NEW YORK Wed Sep 24, 2008 3:12pm EDT

NEW YORK (Reuters) - An unusual surge in Goldman Sachs' share price in the last 10 minutes of trading on Tuesday raised eyebrows on Wall Street, as it came two hours before news of Warren Buffett's big investment in the bank.

Goldman Sachs (GS.N) shares rose more than $5 heading into the close of trading even as the rest of the market tumbled, leaving traders suspicious that inside information was used to make a profit.

"Obviously someone knew the Buffett news that was coming out. I noticed it yesterday and I was telling my colleagues something is going on with Goldman," said Dave Rovelli, managing director of US Equity Trading at Canaccord Adams in New York.

Securities and Exchange Commission spokesman John Nester declined to comment on whether the incident is being investigated. Goldman Sachs could not immediately be reached for comment.
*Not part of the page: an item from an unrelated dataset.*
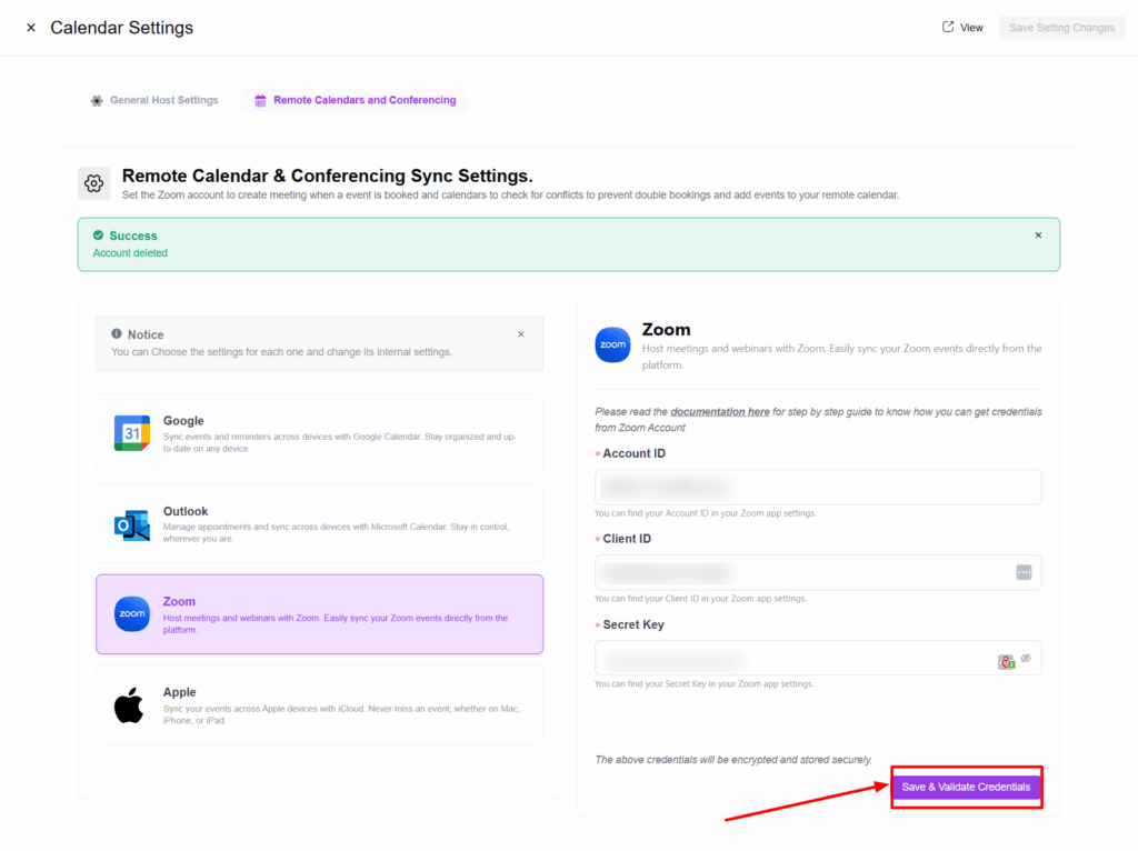Any zoom account you add to a calendar will be displayed here.

Just before 6 p.m. EDT, Goldman Sachs said it would get a $5 billion investment from Buffett's Berkshire Hathaway Inc (BRKa.N) (BRKb.N), which investors welcomed as a much needed vote of confidence in the bank.

Goldman's shares have since risen about 6 percent. If someone with inside knowledge of the deal was snapping up the bank's shares they would have made a significant, and illegal, profit.
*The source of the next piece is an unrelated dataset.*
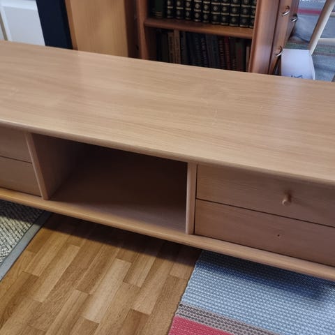 TV-taso, kolme kaappia säilytystilaa varten kahdessa lasi-ovi. Maalattu mustaksi. Materiaali puuta.

"Someone is going to get caught, because that is easy to track, they can find out who did that," said Rovelli.

Goldman Sachs' stock rose from $119.53 at 3:50 p.m. to $125.05 at the close. The S&P financials sub-index meanwhile fell from 273.79 to 273.61 in the same time frame.
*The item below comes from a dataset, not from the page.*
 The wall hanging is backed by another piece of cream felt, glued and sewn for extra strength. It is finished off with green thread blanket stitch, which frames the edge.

"That share move at Goldman was a clear outlier. It got everybody's attention. It was clear that there was something specific going on in that stock that wasn't going on in any other stock in that space," said Peter Kenny, managing director at Knight Equity Markets in Jersey City, New Jersey.

When a stock moves so sharply against the rest of the market, it is usually either due to company-specific news or a big seller of the stock taking a break also known as "a seller's strike," said Kenny.

Given that volume increased in Goldman's stock in the last 10 minutes, the "seller's strike" explanation seems unlikely.

Steve Claussen, chief investment strategist at OptionsHouse, a subsidiary of PEAK6 Investments, an options trading firm in Chicago noted that while options in Goldman were not particularly active, "it does raise eyebrows that the stock would attract so many buyers given that the Standard & Poor's 500 index closed near its lows."